What you have to do -> The material below includes pictures; leave them out and return only the lines between the line containing "Graph 2: arw037.png" and the line containing "Waterfall edge black", inclusive, word for word.

Material for the task ->
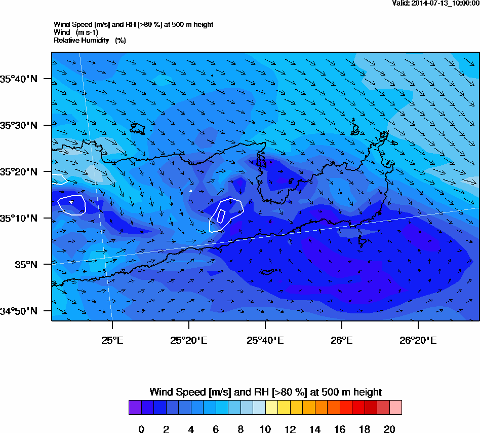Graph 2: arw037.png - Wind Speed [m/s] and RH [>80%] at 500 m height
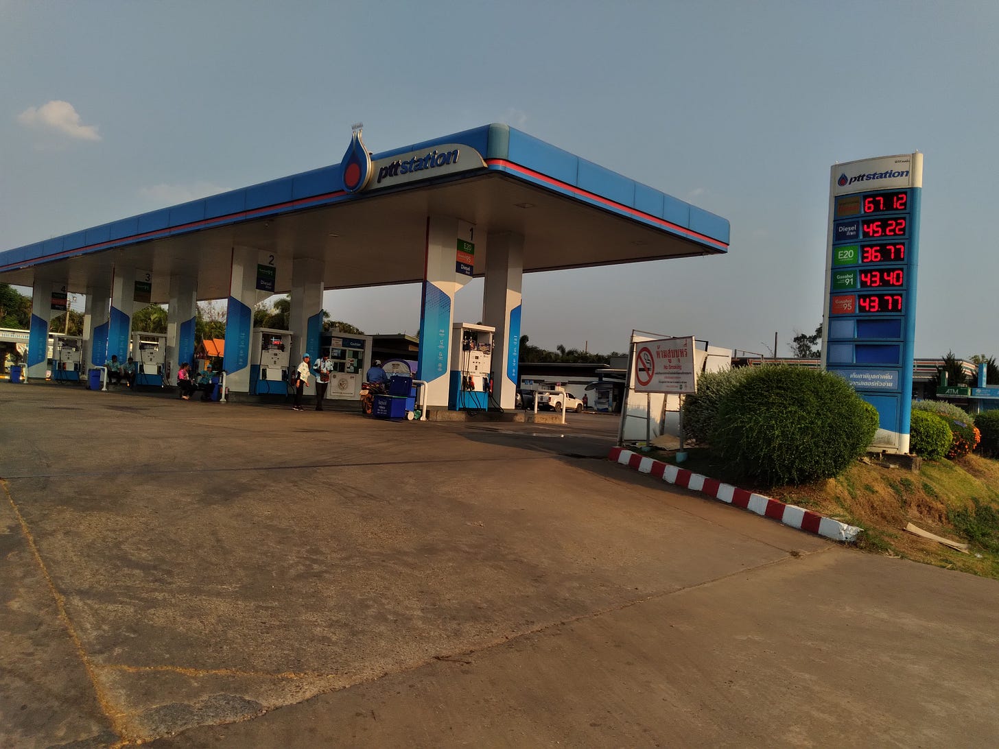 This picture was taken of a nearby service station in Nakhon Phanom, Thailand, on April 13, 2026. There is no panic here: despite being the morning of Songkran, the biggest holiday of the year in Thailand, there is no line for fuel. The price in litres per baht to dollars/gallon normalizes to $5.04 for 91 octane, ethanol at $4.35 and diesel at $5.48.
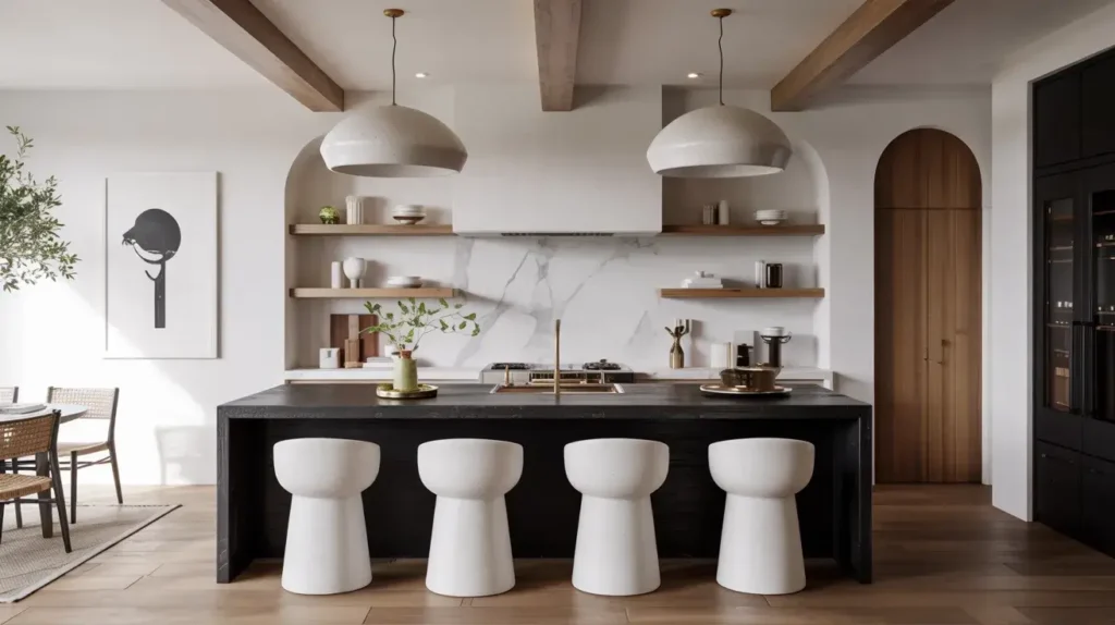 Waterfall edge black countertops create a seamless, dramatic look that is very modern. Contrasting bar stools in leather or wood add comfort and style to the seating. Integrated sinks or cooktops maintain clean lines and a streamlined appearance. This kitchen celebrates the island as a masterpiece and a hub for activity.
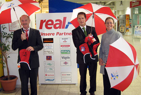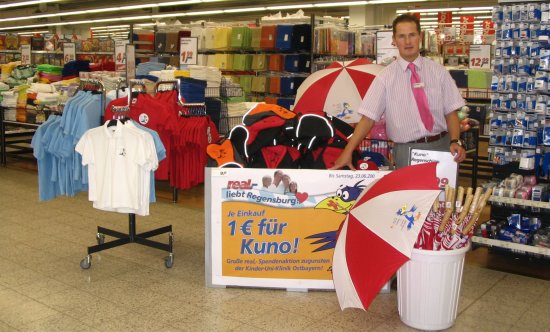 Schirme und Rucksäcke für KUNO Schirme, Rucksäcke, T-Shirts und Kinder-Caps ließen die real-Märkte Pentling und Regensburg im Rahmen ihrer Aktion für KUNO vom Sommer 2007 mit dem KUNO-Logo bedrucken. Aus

==

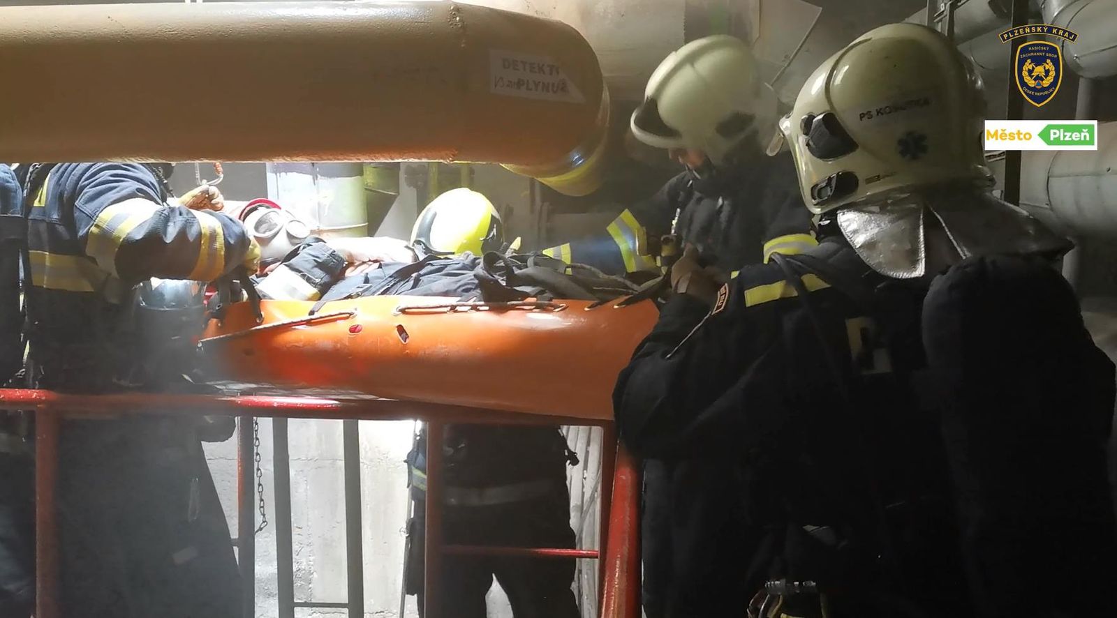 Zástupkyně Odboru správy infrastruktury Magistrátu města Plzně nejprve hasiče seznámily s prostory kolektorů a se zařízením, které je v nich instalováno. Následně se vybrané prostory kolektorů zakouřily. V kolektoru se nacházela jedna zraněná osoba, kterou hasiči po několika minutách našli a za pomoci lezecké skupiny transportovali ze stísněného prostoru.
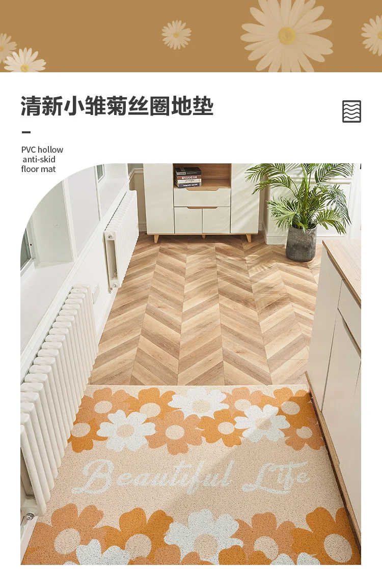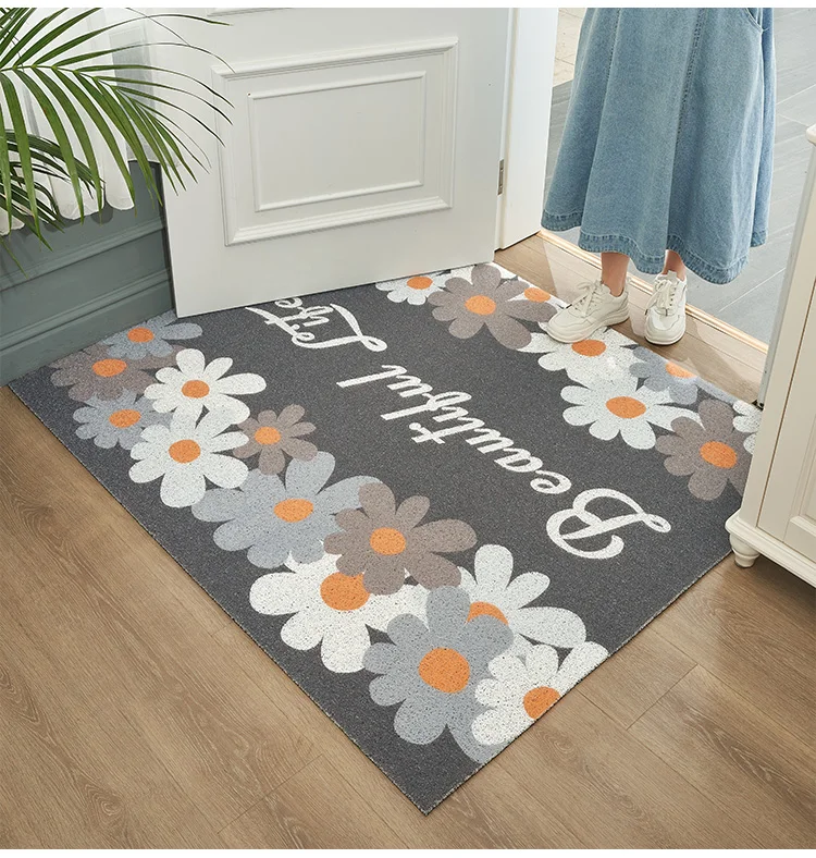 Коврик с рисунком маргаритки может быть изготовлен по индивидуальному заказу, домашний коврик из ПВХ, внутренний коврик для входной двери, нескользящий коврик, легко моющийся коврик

--

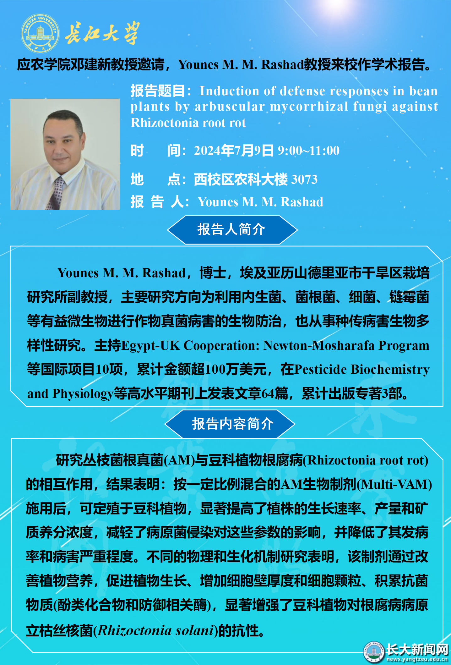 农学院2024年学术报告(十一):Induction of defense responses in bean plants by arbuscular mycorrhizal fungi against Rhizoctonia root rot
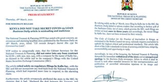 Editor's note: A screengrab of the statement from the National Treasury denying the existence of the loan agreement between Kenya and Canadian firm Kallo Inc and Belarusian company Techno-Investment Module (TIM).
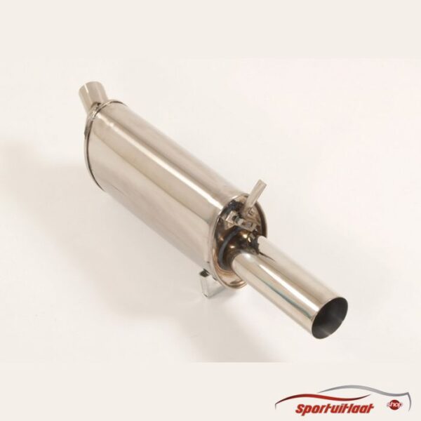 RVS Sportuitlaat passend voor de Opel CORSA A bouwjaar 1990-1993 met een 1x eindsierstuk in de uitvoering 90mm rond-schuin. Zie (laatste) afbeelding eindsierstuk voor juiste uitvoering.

Completed task ->
Graph 2: arw037.png - Wind Speed [m/s] and RH [>80%] at 500 m height
 This picture was taken of a nearby service station in Nakhon Phanom, Thailand, on April 13, 2026. There is no panic here: despite being the morning of Songkran, the biggest holiday of the year in Thailand, there is no line for fuel. The price in litres per baht to dollars/gallon normalizes to $5.04 for 91 octane, ethanol at $4.35 and diesel at $5.48.
 Waterfall edge black countertops create a seamless, dramatic look that is very modern. Contrasting bar stools in leather or wood add comfort and style to the seating. Integrated sinks or cooktops maintain clean lines and a streamlined appearance. This kitchen celebrates the island as a masterpiece and a hub for activity.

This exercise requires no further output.